Thread: pg_dump lock timeout
Attached is a patch to add a commandline option to pg_dump to limit how long pg_dump will wait for locks during startup. The intent of this patch is to allow pg_dump to fail if a table lock cannot be taken in a reasonable time. This allows the caller of pg_dump to retry or otherwise correct the situation, without having locks held for long periods, and without pg_dump having a long window during which catalog changes can occur. It works by setting statement_timeout to the user specified delay during the startup phase where it is taking access share locks on all the tables. Once all the locks are taken, it sets statement_timeout back to the default. If a lock table statement times out, the dump fails with the statement timed out error. The orginal motivation was a client who runs heavy batch workloads and uses truncate table and other DML in long transactions.
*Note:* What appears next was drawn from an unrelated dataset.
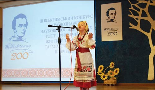 Якось чула по телев╕зору в╕д одного з пол╕толог╕в приблизно таке: населення Укра╖ни насправд╕ под╕ля╓ться не на «зах╕дняк╕в» ╕ «сх╕дняк╕в» з принциповими суперечностями у поглядах, а на людей, як╕ люблять Укра╖ну, ╕ тих, хто не любить ╖╖. А х╕ба н╕? ╤ як под╕лити, скаж╕мо, Крим за тими чи ╕ншими поглядами його населення, якщо тут мешкають не лише прихован╕ ╕ неприхован╕ сепаратисти, але й щир╕ патр╕оти? Що робити, прим╕ром, з приватним навчально-виховним комплексом «Г╕мназ╕я-школа-сад «Консоль», якщо ╖╖ засновник, голова нин╕шньо╖ Верховно╖ Ради Криму Володимир Константинов дотриму╓ться сьогодн╕ недержавницько╖, нав╕ть обурливо╖ позиц╕╖, про що св╕дчать заяви кримського парламенту, а школа живе зовс╕м ╕ншим життям — тут виховують справжн╕х син╕в ╕ дочок сво╓╖ В╕тчизни? Тож як д╕лити наш Крим у раз╕ виникнення критично╖ ситуац╕╖? Невже р╕зати по-живому, руйнуючи родини, де люди можуть мати полярн╕ погляди, в╕дривати в╕д пуповини шк╕льн╕ колективи? Вих╕д один: зробити все, щоб до цього не д╕йшло. А посприяти цьому багато в чому можуть ╕ наш╕ вчител╕, небайдуж╕ самов╕ддан╕ люди, для яких на першому м╕сц╕ — доля ╖хн╕х учн╕в. Не знаю, як ╕ за що голосу╓ Лариса Георг╕ад╕ як заступник голови пост╕йно╖ ком╕с╕╖ ВР АРК з осв╕ти, але як директор НВК «Консоль» вона завжди «голосу╓» на користь учн╕в. Бо жити в держав╕, яку не шану╓ш, так само некомфортно, як ╕ жити у нелюб╕й родин╕. Колись мене вразили почут╕ в╕д директора з╕ сцени незвичн╕ слова: «Великая Украина». Дивуюся пан╕ Ларис╕ й дос╕, хоча наукову конференц╕ю, присвячену Тарасу Григоровичу Шевченку, в╕дв╕дую вже втрет╓. Знаю, що цього року вона ма╓ бути особливою, але не особливою для мене вона ще не була. ╤ це передовс╕м просто велике Шевченк╕вське свято, яке розпочина╓ться з п╕сн╕ «Реве та стогне Дн╕пр широкий», що викону╓ хлопчик з в╕деоекрану, а присутн╕ слухають його стоячи, дал╕ в програм╕ — в╕тальн╕ слова, п╕сн╕, танц╕ ╕ декламування у виконанн╕ школяр╕в, захист учн╕вських науково-досл╕дницьких роб╕т ╕ церемон╕я нагородження переможц╕в, що теж не обходиться без концертних номер╕в та теплих сл╕в. А сьогодн╕ — ще й презентац╕я започаткованого тут Шевченк╕вського музею. Першою мала слово Тетяна Сух╕на, яка представляла тут м╕ську шк╕льну владу, вона зауважила, що популярн╕сть конкурсу дедал╕ зроста╓. В╕н ╕ насправд╕ ╕з всекримського вже перетворю╓ться на всеукра╖нський. На конкурс було подано 35 роб╕т, ╕ на 10-ту годину вже прибули до С╕мферополя учн╕ ╕з найв╕ддален╕ших куточк╕в Криму. Представники ж ╕нших рег╕он╕в захищалися он-лайн. Показовою у цьому в╕дношенн╕ можна вважати й секц╕ю, де на захист╕ учн╕вських роб╕т побувала ╕ я. Вона об’╓днала дв╕ ном╕нац╕╖: «Укра╖на — Крим — Шевченко» та «Ауд╕ов╕зуальн╕ творч╕ роботи». У жур╕ — Ростислав Семеня (головний редактор ТО «Рад╕о «Крим», ДТРК «Крим»), Андр╕й ╤ванець (координатор ГО «Тавр╕йська гуман╕тарна платформа, сп╕вроб╕тник Нац╕онального ╕нституту стратег╕чних досл╕джень) та Ольга Лазар╕д╕ (методист Кримсько╖ ф╕л╕╖ ╤нституту ╕нновац╕йних технолог╕й МОН Укра╖ни), ведуть захист господар╕ — вчителька ╤рина Пахомова. Розпочина╓ться в╕н ╕з восьмикласниц╕ Катерини Тюлюбаново╖, яка представля╓ м. Глоб╕не Полтавськ

This has created some unhappy interaction scenarios with pg_dump: - pg_dump ends up waiting hours on a DML table lock that is part of a long transaction. Once the lock is released, pg_dump runs only to find some table later in the list has been dropped. So pg_dump fails. - pg_dump waits on a lock while holding access share locks on most of the tables. Other processes that want to do DML wait on pg_dump. After a while, large parts of the application are blocked while pg_dump waits on locks. Eventually the operations staff notice that pg_dump is blocking production and kill the dump. Please have a look and consider it for merging. Thanks -dg -- David Gould If simplicity worked, the world would be overrun with insects.
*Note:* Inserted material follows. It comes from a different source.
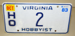 #439 - Virginia 1983 Hobbyist #2 Single Digit Plate
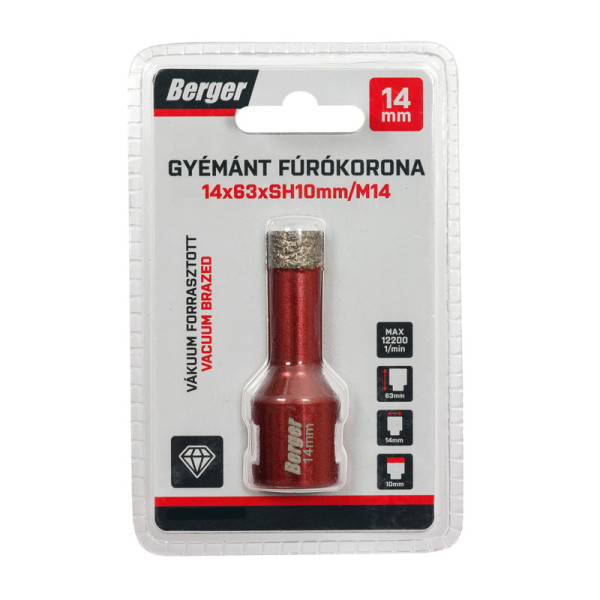 BERGER menetes gyémánt fúrókorona 14x63xSH10mm/M14

On Sun, May 11, 2008 at 04:30:47AM -0700, daveg wrote: > > Attached is a patch to add a commandline option to pg_dump to limit how long > pg_dump will wait for locks during startup. Ooops, really attached this time. -dg -- David Gould daveg@sonic.net 510 536 1443 510 282 0869 If simplicity worked, the world would be overrun with insects.
Attachment
On Sun, May 11, 2008 at 06:00:35AM -0700, David Gould wrote: > On Sun, May 11, 2008 at 04:30:47AM -0700, daveg wrote: > > > > Attached is a patch to add a commandline option to pg_dump to > > limit how long pg_dump will wait for locks during startup. > > Ooops, really attached this time. Can we see about getting this into the July commitfest? Dave has presented a use case complete with logs where having this could have prevented a failed backup and consequent data loss. Cheers, David. -- David Fetter <david@fetter.org> http://fetter.org/ Phone: +1 415 235 3778 AIM: dfetter666 Yahoo!: dfetter Skype: davidfetter XMPP: david.fetter@gmail.com Remember to vote! Consider donating to Postgres: http://www.postgresql.org/about/donate
On 5/11/08, daveg <daveg@sonic.net> wrote: > Attached is a patch to add a commandline option to pg_dump to limit how long > pg_dump will wait for locks during startup. My quick review: - It does not seem important enough to waste a short option on. Having only long option should be enough. - It would be more polite to do SET LOCAL instead SET. (Eg. it makes safer to use pg_dump through pooler.) - The statement_timeout is set back with "statement_timeout = default" Maybe it would be better to do "= 0" here? Although such decision would go outside the scope of the patch, I see no sense having any other statement_timeout for actual dumping. -- marko
On Thu, Jul 03, 2008 at 11:15:10AM +0300, Marko Kreen wrote: > On 5/11/08, daveg <daveg@sonic.net> wrote: > > Attached is a patch to add a commandline option to pg_dump to limit how long > > pg_dump will wait for locks during startup. > > My quick review: > > - It does not seem important enough to waste a short option on. > Having only long option should be enough. Agreed. I'll change it. > - It would be more polite to do SET LOCAL instead SET. > (Eg. it makes safer to use pg_dump through pooler.) Also agreed. Thanks. > - The statement_timeout is set back with "statement_timeout = default" > Maybe it would be better to do "= 0" here? Although such decision > would go outside the scope of the patch, I see no sense having > any other statement_timeout for actual dumping. I'd prefer to leave whatever policy is otherwise in place alone. I can see use cases for either having or not having a timeout for pg_dump, but it does seem outside the scope of this patch. Thanks for you review and comments. -dg -- David Gould daveg@sonic.net 510 536 1443 510 282 0869 If simplicity worked, the world would be overrun with insects.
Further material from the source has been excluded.